- _Your goal_:
Retype the line with "Participants from Tasmania/Lutruwita" exactly. Then retype every line after it through the end of the entries below, and nothing more, leaving out pictures.

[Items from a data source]
######

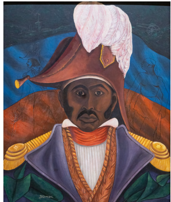
Portrait of Jean-Jacques Dessalines, n.d by Jacques-Enguerrand Gourgue
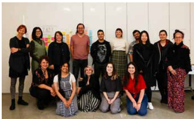
Participants from Tasmania/Lutruwita

Partnership with Nayri Niara, Moonah Arts Centre, Tasmania Performs and Multicultural Youth Tasmania.
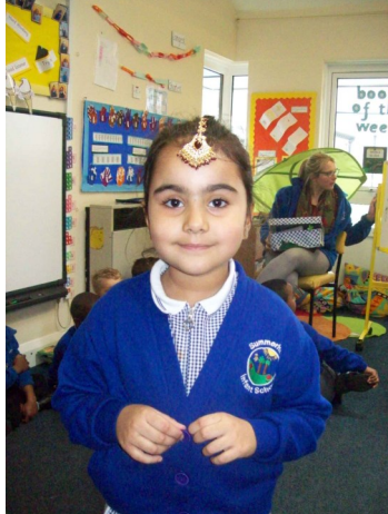
Celebrating children's family culture and traditions
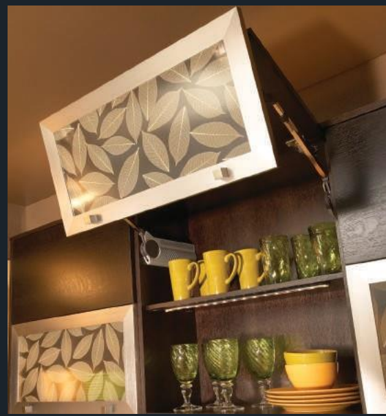
Bi-Fold Flip Up Lift System

######

- _Problem solution_:
Participants from Tasmania/Lutruwita

Partnership with Nayri Niara, Moonah Arts Centre, Tasmania Performs and Multicultural Youth Tasmania.
Celebrating children's family culture and traditions
Bi-Fold Flip Up Lift System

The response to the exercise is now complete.